Thursday, June 30, 2005

finally feeling much beta now le~~

really feel much beta today le.. but yest, i cried again.. mayb due to wat i heard from some guy fren.. they share wif me some guys pt of view in a r/s n that made me thought of him.. jux feel sadded suddenly n cried lo..

din really thk of him so much liao.. mayb i really wake up tis time le.. i muz move on lo.. he had already move on for so long le, i muz not stay on e same spot lo.. i believe that i can do it one..

today nth much happen lo.. jux slacked at home.. really looking forward to tml n sun.. can go out n wont anyhow thk at home lo.. tis few days stayed at home until i sian n felt useless lo.. i muz really get out n unwind.. i feel like CLUBBING.. anyone interested to go plz tag my blog.. haha..

i really wan to thx some of my frenz for building back my confidence.. aft e break up wif him, i felt so down n really lost confidence in myself lo.. thx for lying to me by saying i am attractive n pretty.. wahaha.. that really helps alot.. so i dun mind u all continue saying that to me.. haha.. coz it really make my day.. hee..

i am going to try for e new paper new face thing but i dun haf any nice pic.. the deadline is on e 5th of july lo.. cham ah.. so muz pray hard for me ah.. hee..

Wednesday, June 29, 2005

plz pray that he will not contact me..

yes.. i am praying deep down inside that he will not contact me.. i dun wan to be wavered again.. i am trying to forget him n slowly let my hope for him disappear.. so now, i really hope that he will not come into my life n disrupt my plan again..

i finally wake up le.. i finally accept that he really mean wat he say.. he will not come n find me unless its necessary n he will not ask for a patch no matter wat one.. i am believing his word more n more.. the truth of him not going to ask me back is becoming more real although it had been real all e time, jux that i am jux hanging on n believe that he will change for my sake.. i heard someone say b4, the most stupid thing a gal believe in a r/s is she believe that the guy will change for her sake because he loves her.. now, i agree to tis sentence.. guys will never change one 4 gals one, they will only change for themself..

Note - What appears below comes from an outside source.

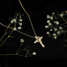 Our Diamond Cross Necklace is a stunning creation that beautifully merges faith and love into a single, graceful design. It showcases a striking cross shape embellished with dazzling round cut diamonds of EF-VS quality. At the center of the Lab Grown Diamond Pendant Necklace is a charming curved heart that artfully intertwines with the cross, symbolizing everlasting love and commitment. This Cross Heart Necklace is perfect for everyday wear or on special occasions. Share your blessings and convey your infinite love to someone special with this Cross Pendant, which speaks volumes when words fall short.
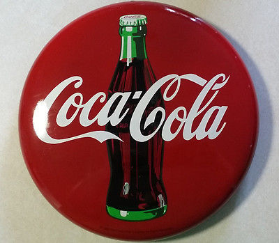 Title (ebay affiliate link): Vintage 1990 Coca Cola bottle Tacker Type Sign Metal Button Sign Coke 12"

i thk i need time to recover now.. mayb time is really the best healer in the world for r/s.. erm.. let's hope nxt time scientist will invent a potion that will make us forget our unhappiness when we are out of love.. hee..

now i jux wan to fulfil my dream as a model n air stewardess.. its time for me to thk of myself n not him anymore le.. over e past yrs, my life was all abt him.. now its time to stop le.. although its hard but i will try my best to adapt.. life is not a bed of roses, but i believe i will find my bed of roses soon..

Tuesday, June 28, 2005

thx guys..

jux came back from a long 'vacation' yest.... went to the chalet wif qi they all.. quite happy coz at least for that few days i can run away from the reality.. tis few wks, alot of bad things keep on happening to me.. i am on the verge of breaking down le.. if not for this chalet n having my frenz by my side, i thk i will really xiang bu kai lo..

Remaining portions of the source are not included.